Slashdot Mirror


NSF Funds Data Anonymization Project

Trailrunner7 writes "A group of researchers from Purdue University has been awarded $1.5 million from the National Science Foundation to help fund an ongoing project that's investigating how well current techniques for anonymizing data are working and whether there's a need for better methods. The grant will help to further research from computer scientists and linguists, who are looking at ways in which people can still be identified through textual clues even after explicitly identifiable data has been removed. The Purdue anonymization project has been ongoing for some time, and also includes researchers from a number of other institutions, including Indiana University and the Kinsey Institute."

36 comments

  1. Testing Slashdots Methods for Anonymization by Anonymous Coward · · Score: 4, Funny

    It works!

    Can I pick up my grant check now?

    1. Re:Testing Slashdots Methods for Anonymization by drunkennewfiemidget · · Score: 4, Funny

      We wish you could, but we don't know who to write the cheque out to.

    2. Re:Testing Slashdots Methods for Anonymization by countertrolling · · Score: 1

      Cash

      --
      For justice, we must go to Don Corleone
    3. Re:Testing Slashdots Methods for Anonymization by teachknowlegy · · Score: 2, Funny

      Write the check out to Anonymous Coward, duh!

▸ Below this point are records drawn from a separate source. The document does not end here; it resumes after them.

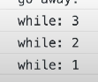 console.log(`while: ${i}`);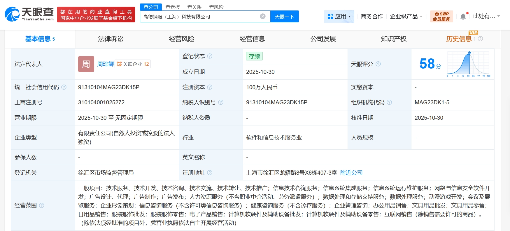 天眼查App显示,近日,高德销服(上海)科技有限公司成立,法定代表人为周琲娜,注册资本100万人民币,经营范围包括信息技术咨询服务、信息系统集成服务、信息系统运行维护服务、网络与信息安全软件开发、数据处理和存储支持服务、数据处理服务、动漫游戏开发、信息咨询服务等。股东信息显示,该公司由杭州高德云图科技有限公司全资持股。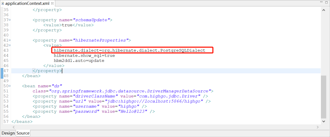 如使用ssh框架,则需要找到applicationContext.xml文件把Hibernate的方言修改为: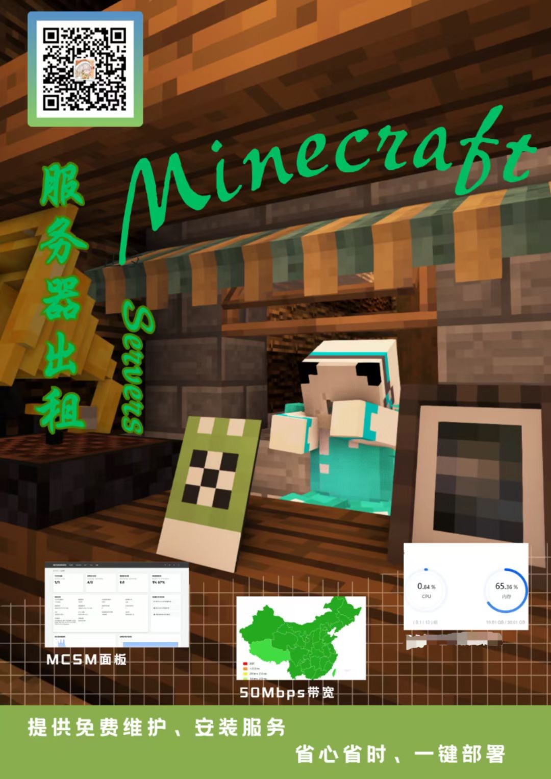 出租自建Minecraft云服务器!后台依靠MCSManager面板!操作便捷!Docker运行!安全稳定!操作系统: Ubuntu 24.0CPU: AMD Ryzen 5 7600X 6 Core12 Threads内存: 32 GB (出租10G以内)网络:中国电信50Mbps上行带宽50元/月 550元/年全程提供技术支持哦!微信加好友注明来意哦!
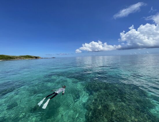 カヤマ島でシュノーケルをしながら、サンゴの本来の色、姿を知っていただきます。

When someone produces the ID of the same name, they can have it. Name changes are cheap, aren't they?

    4. Re:Testing Slashdots Methods for Anonymization by stephanruby · · Score: 1

      Sorry Rob,

      With that number next to your "anonymous" name, #34103516, you might as well just have given us your full social security number.

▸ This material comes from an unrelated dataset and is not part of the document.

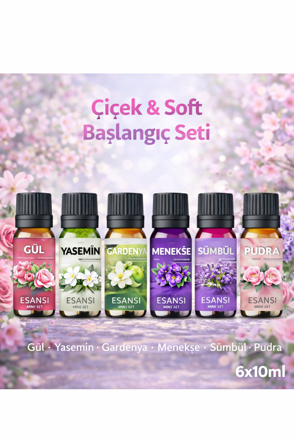 Çiçek & Soft KOku/Esan Seti - Saf Esas - Oda Ve Ortam Kokusu - Aromatik Esans 6x10ml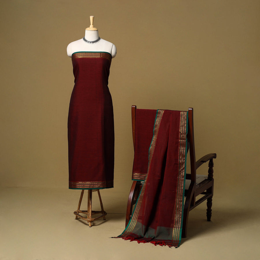 Maroon 3pc cotton dress material set with traditional woven border from Dharwad, Karnataka. The set includes a beautifully crafted kurta piece, a matching bottom/salwar piece and a coordinating dupatta. Perfect for festive occasions or casual gatherings.

    5. Re:Testing Slashdots Methods for Anonymization by zkp · · Score: 3, Funny
      There are many bits of information we can glean!
      1. Your "anonymous" name, #34103516
      2. Date and Time: (Tuesday, November 02 @ 6:04PM)
      3. You were one of the first posts so you probably read Slashdot often. Also, you probably visit Slashdot regularly around 6:00 PM.
      4. Writing Style: Short messages, funny

        So I could search for regular Slashdot users who tend to be active around 6:00 PM, post brief messages, and are often one of the first to comment. Narrow down that list to users who actually did log in on 11/02/2010. Since, we know that you did read this article there is also a decent chance that you commented on this article with your actual user name.

        We will find you!
    6. Re:Testing Slashdots Methods for Anonymization by Anonymous Coward · · Score: 0

      Not anon at all. Your UID is 666.
      And you stole my account you asshole!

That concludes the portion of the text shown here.